(Provided material)

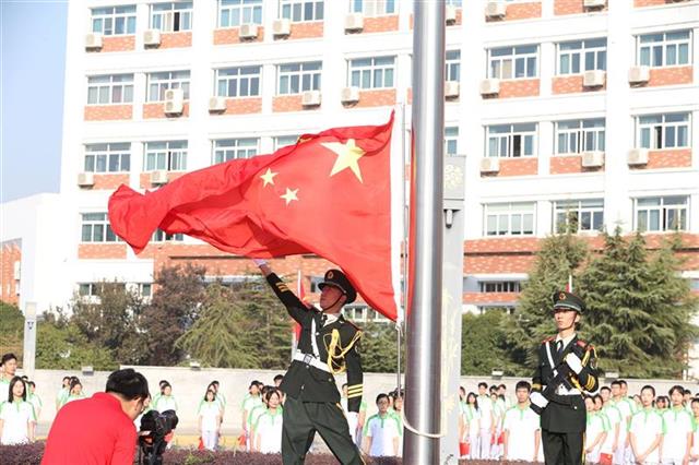 当天早上8时,在校园内致远广场上,1200余名师生围绕国旗台呈扇形站立,国旗台前的人群方阵红蓝相间,呈现“70”字样。国旗护卫队昂首挺胸,迈着整齐划一、铿锵有力的步伐护卫国旗入场。在雄壮的国歌声中,鲜艳的五星红旗冉冉升起,全体师生高唱国歌并向国旗行注目礼。国旗升起,国歌结束。围绕广场的师生手执国旗挥舞,高唱《我和我的祖国》,用歌声向新中国70年周年献礼。
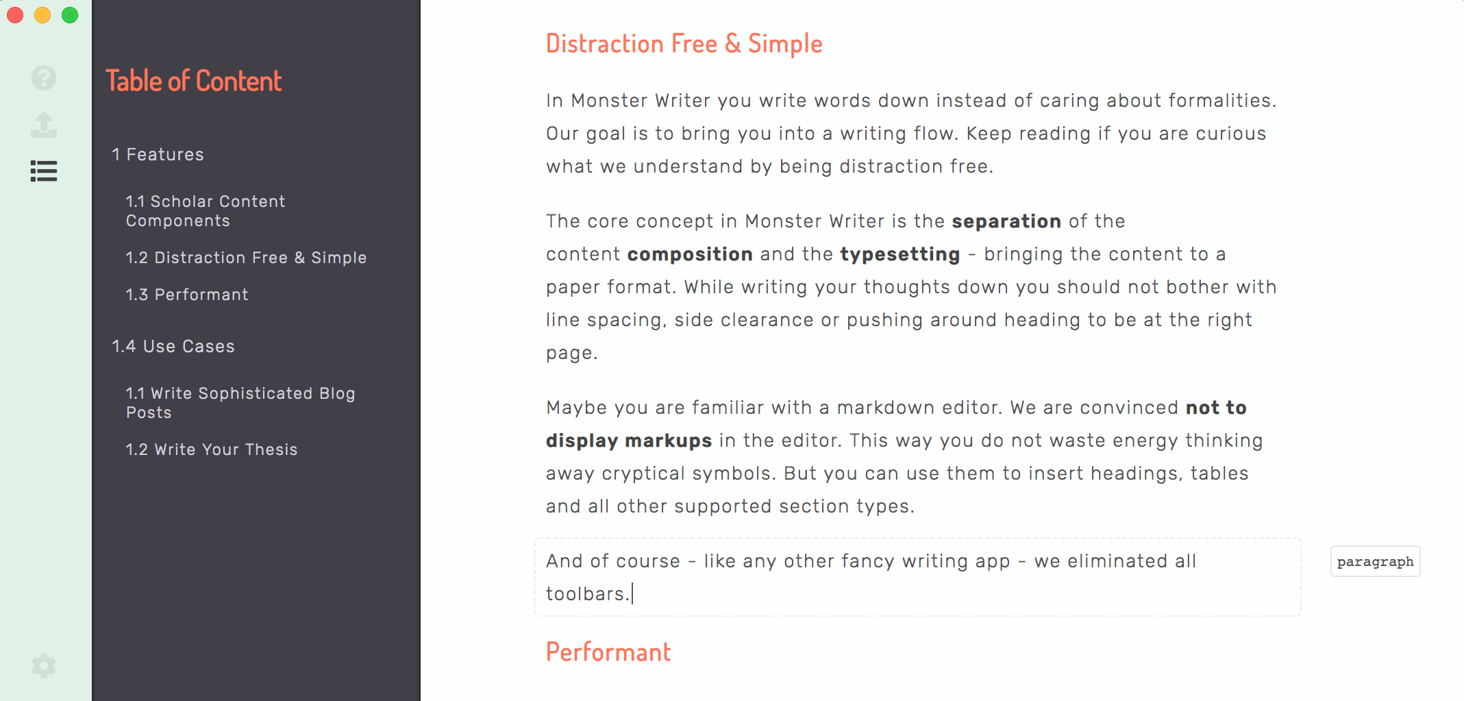 MonsterWriter est l’outil idéal pour rédiger vos thèses, articles ou tout type de contenu sans les distractions habituelles. En vous permettant de vous concentrer sur votre contenu plutôt que sur la mise en page, il élimine les tâches inutiles qui entravent votre processus d’écriture. Avec MonsterWriter, finies les soucis de formatage. Vous pouvez vous concentrer uniquement sur ce qui compte vraiment : votre message.
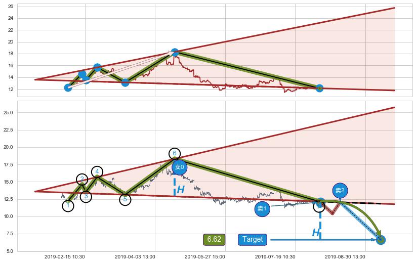 ➢ 最小反转跌幅→𝐇: 5.42 (逐步抬高阻力斜边最后的阻力点⑥与支撑边垂直距离)
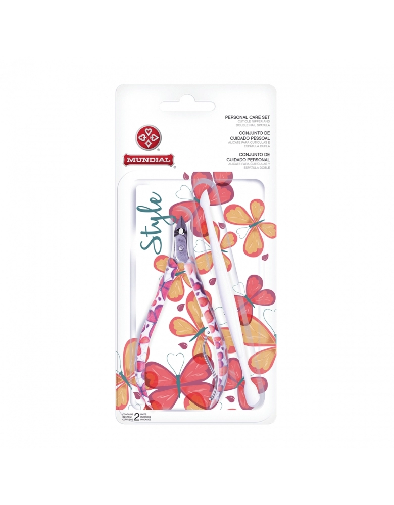 Com uma estampa exclusiva de borboletas coloridas, o conjunto Mundial 758 Borboleta é meigo, resistente e moderno! Disponível na cor branca, o alicate possui cabos plásticos ergonômicos, lâminas e mola em aço inoxidável e espátula dupla plástica! Seu corpo contém proteção antimicrobial* para maior segurança durante o uso, além de já estarem afiados.
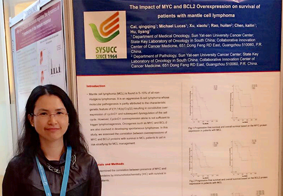 Professor Qingqing Cai from Department of Medical Oncology of Sun Yat-sen University Cancer Center (SYSUCC) was invited to speak at the meeting. She presented “the impact of MYC and BCL-2 over-expression on the prognosis of patients with mantle cell lymphoma". Professor Cai's team discovered that about 20% of patients with mantle cell lymphoma had high expression of both MYC and BCL-2, and these patients showed poor response to conventional treatment and dismal prognosis, suggesting more aggressive biological behavior in this kind of mantle cell lymphoma. New targeted therapy might further improve survival. Her presentation provided theoretical basis for the realization of “Precision Medicine” for mantle cell lymphoma. Professor Cai’s coherent description and exquisite slides were highly praised by the participants.

(End Provided material)

Leave out all images, then reproduce the entries above exactly.

 当天早上8时,在校园内致远广场上,1200余名师生围绕国旗台呈扇形站立,国旗台前的人群方阵红蓝相间,呈现“70”字样。国旗护卫队昂首挺胸,迈着整齐划一、铿锵有力的步伐护卫国旗入场。在雄壮的国歌声中,鲜艳的五星红旗冉冉升起,全体师生高唱国歌并向国旗行注目礼。国旗升起,国歌结束。围绕广场的师生手执国旗挥舞,高唱《我和我的祖国》,用歌声向新中国70年周年献礼。
 MonsterWriter est l’outil idéal pour rédiger vos thèses, articles ou tout type de contenu sans les distractions habituelles. En vous permettant de vous concentrer sur votre contenu plutôt que sur la mise en page, il élimine les tâches inutiles qui entravent votre processus d’écriture. Avec MonsterWriter, finies les soucis de formatage. Vous pouvez vous concentrer uniquement sur ce qui compte vraiment : votre message.
 ➢ 最小反转跌幅→𝐇: 5.42 (逐步抬高阻力斜边最后的阻力点⑥与支撑边垂直距离)
 Com uma estampa exclusiva de borboletas coloridas, o conjunto Mundial 758 Borboleta é meigo, resistente e moderno! Disponível na cor branca, o alicate possui cabos plásticos ergonômicos, lâminas e mola em aço inoxidável e espátula dupla plástica! Seu corpo contém proteção antimicrobial* para maior segurança durante o uso, além de já estarem afiados.
 Professor Qingqing Cai from Department of Medical Oncology of Sun Yat-sen University Cancer Center (SYSUCC) was invited to speak at the meeting. She presented “the impact of MYC and BCL-2 over-expression on the prognosis of patients with mantle cell lymphoma". Professor Cai's team discovered that about 20% of patients with mantle cell lymphoma had high expression of both MYC and BCL-2, and these patients showed poor response to conventional treatment and dismal prognosis, suggesting more aggressive biological behavior in this kind of mantle cell lymphoma. New targeted therapy might further improve survival. Her presentation provided theoretical basis for the realization of “Precision Medicine” for mantle cell lymphoma. Professor Cai’s coherent description and exquisite slides were highly praised by the participants.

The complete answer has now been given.